For most of time, returned statistics are fine. However, in some cases, data for one node will be missing.

For example, in 1 round, query for node_network_receive_bytes_total returns all data. But the data of 3rd node is missing in node_network_receive_packets_total.

How can I avoid this problem? Or do I simply resend the query if I found some data is missing?

1

There are 1 best solutions below

0
On

I think this happens because the actual data has not been saved to prometheus when I try to query it.

Think about this scenario, prometheus pulls data from node_exporters on each node. These pull actions are not done at exactly the same time. When I send the query, it is possible that prometheus has finished pulling the latest data from 2 nodes but not for the 3rd node. So, prometheus cannot calculate the value at a timestamp for the 3rd node.
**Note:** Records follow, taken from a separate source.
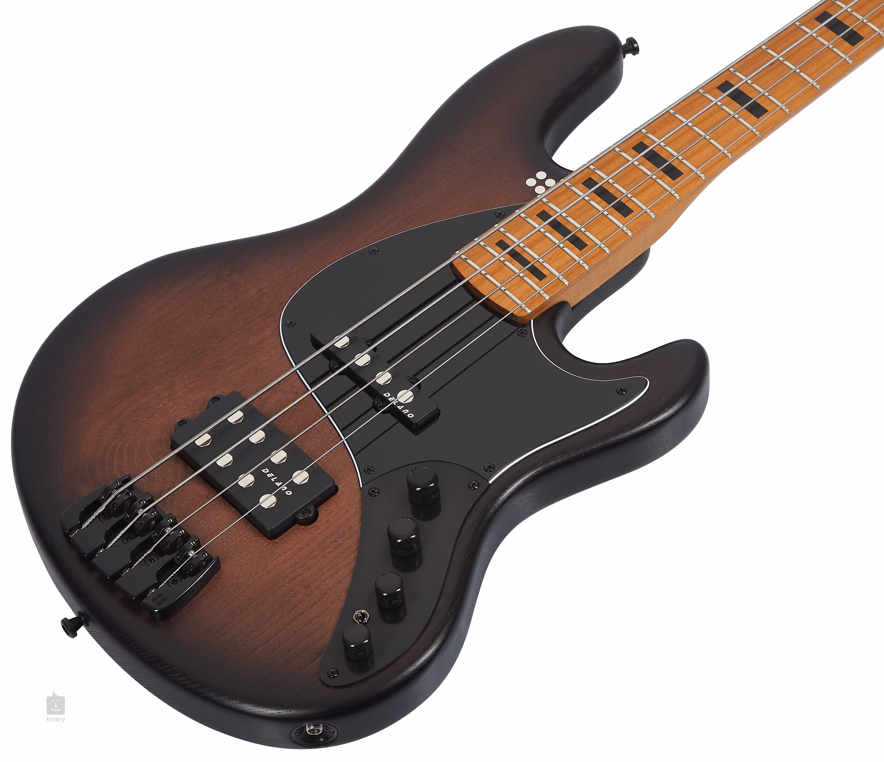 Tělo baskytary je zhotoveno z olše. Javorový krk s pohodlným “C” profilem a hmatník nástroje jsou vyrobeny z pečeného javoru (roasted maple) - díky tepelné úpravě je dřevo stabilnější a zároveň získává atraktivní nazlátlý vzhled. Orientaci na hmatníku usnadňují černé polohové bloky.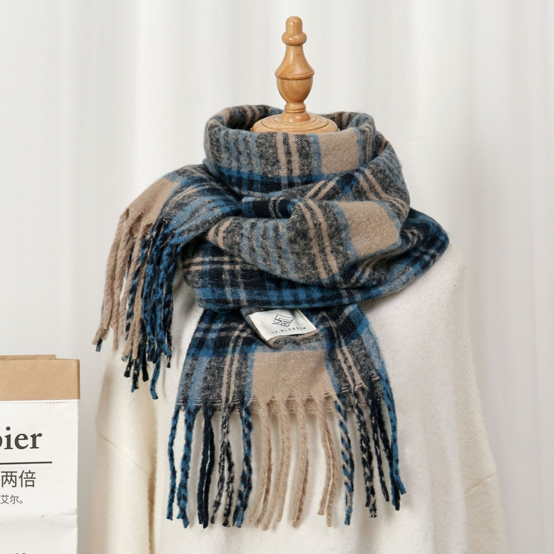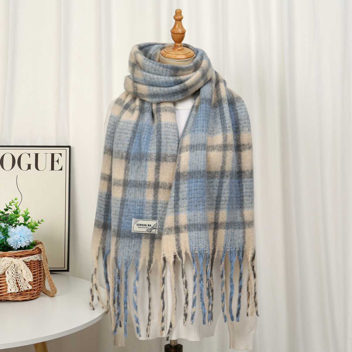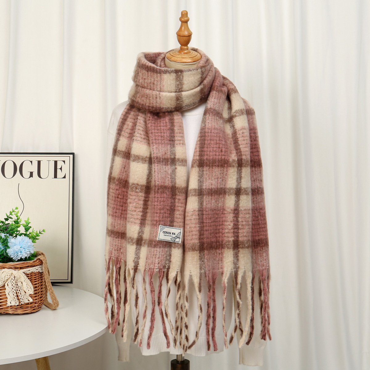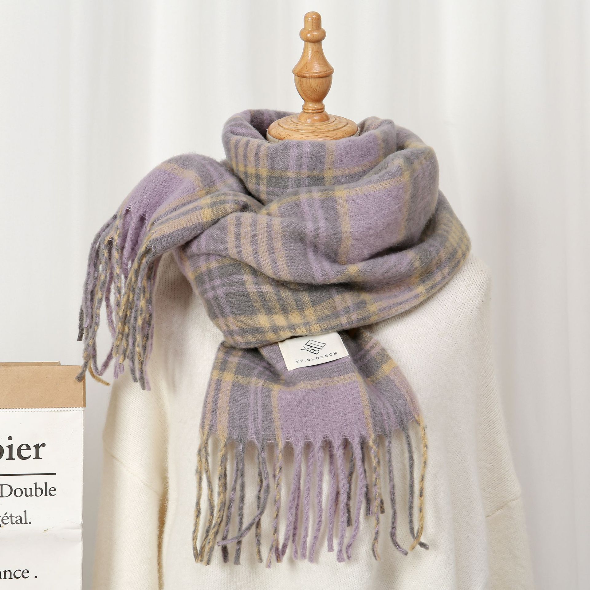 새로운 패션 한국 다목적 흑백 격자 무늬 스카프 겨울 따뜻한 두꺼운 학생 캐시미어 스카프스토어 가기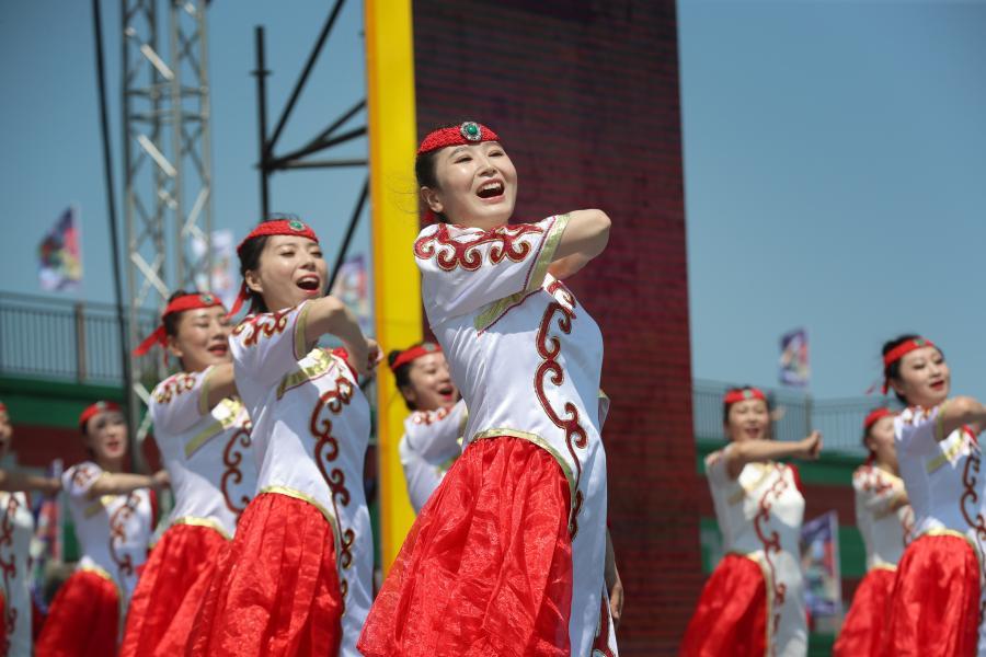 2023年7月2日,为期两天的赫哲族第十一届乌日贡大会在黑龙江省抚远市拉开帷幕,来自北京、哈尔滨等地的15支代表队的近千名赫哲族群众参加了传统体育竞赛、文艺比赛、中俄文化交流和文艺汇演等活动。图为7月3日,参赛代表队在进行文艺比赛和展演。许丛军摄/光明图片

This leads to the 3rd node's data been not returned in the query.

BTW, from source code of prometheus, even if you do not specify a timestamp in query request, prometheus will generate a timestamp.

I find 2 workarounds for this problem:

  1. Setting time parameter of query request to 1 second ago from now. In this way, you are always querying "old" data, so no need to worry about data not existing. However, the drawback is that the data you get is not very accurate, since you are always using data of 1 second ago as now.
  2. Simply send query to prometheus again.